### Exercise requirements
A faithful copy of the data, pictures omitted, is the required answer.

(Supplied data)

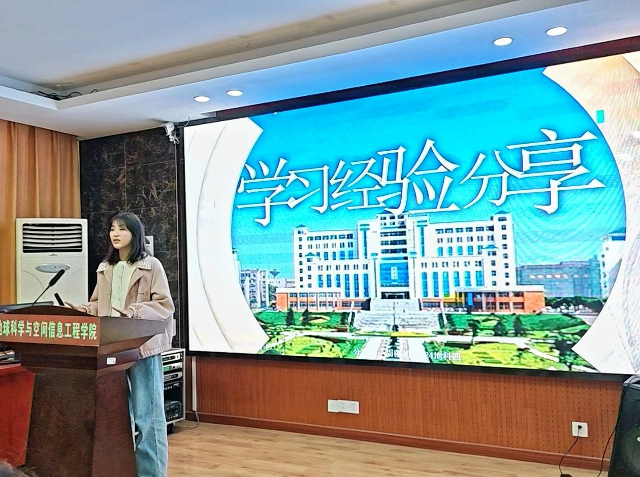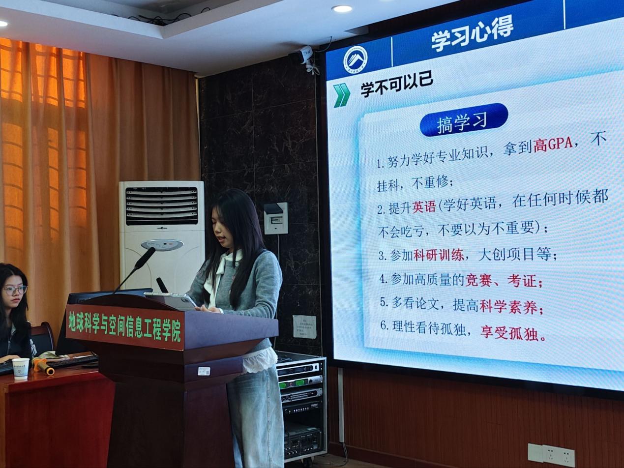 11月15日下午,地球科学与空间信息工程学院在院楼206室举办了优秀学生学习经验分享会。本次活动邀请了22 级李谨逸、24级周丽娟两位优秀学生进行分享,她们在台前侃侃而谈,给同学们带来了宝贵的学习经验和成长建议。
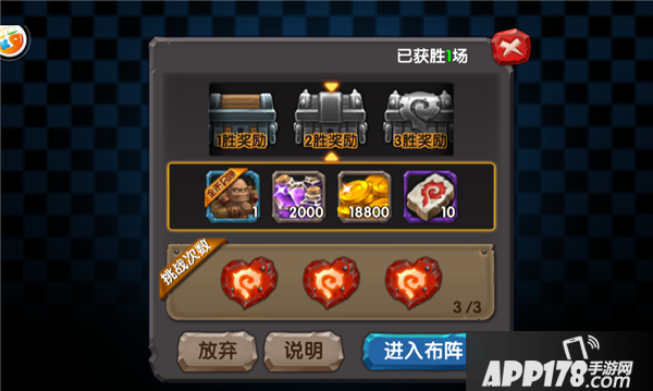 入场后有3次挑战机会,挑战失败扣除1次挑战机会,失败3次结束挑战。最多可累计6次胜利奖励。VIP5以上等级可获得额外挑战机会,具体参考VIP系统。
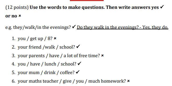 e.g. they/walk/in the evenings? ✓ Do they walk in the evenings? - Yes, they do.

(End Supplied data)

### Solution
 11月15日下午,地球科学与空间信息工程学院在院楼206室举办了优秀学生学习经验分享会。本次活动邀请了22 级李谨逸、24级周丽娟两位优秀学生进行分享,她们在台前侃侃而谈,给同学们带来了宝贵的学习经验和成长建议。
 入场后有3次挑战机会,挑战失败扣除1次挑战机会,失败3次结束挑战。最多可累计6次胜利奖励。VIP5以上等级可获得额外挑战机会,具体参考VIP系统。
 e.g. they/walk/in the evenings? ✓ Do they walk in the evenings? - Yes, they do.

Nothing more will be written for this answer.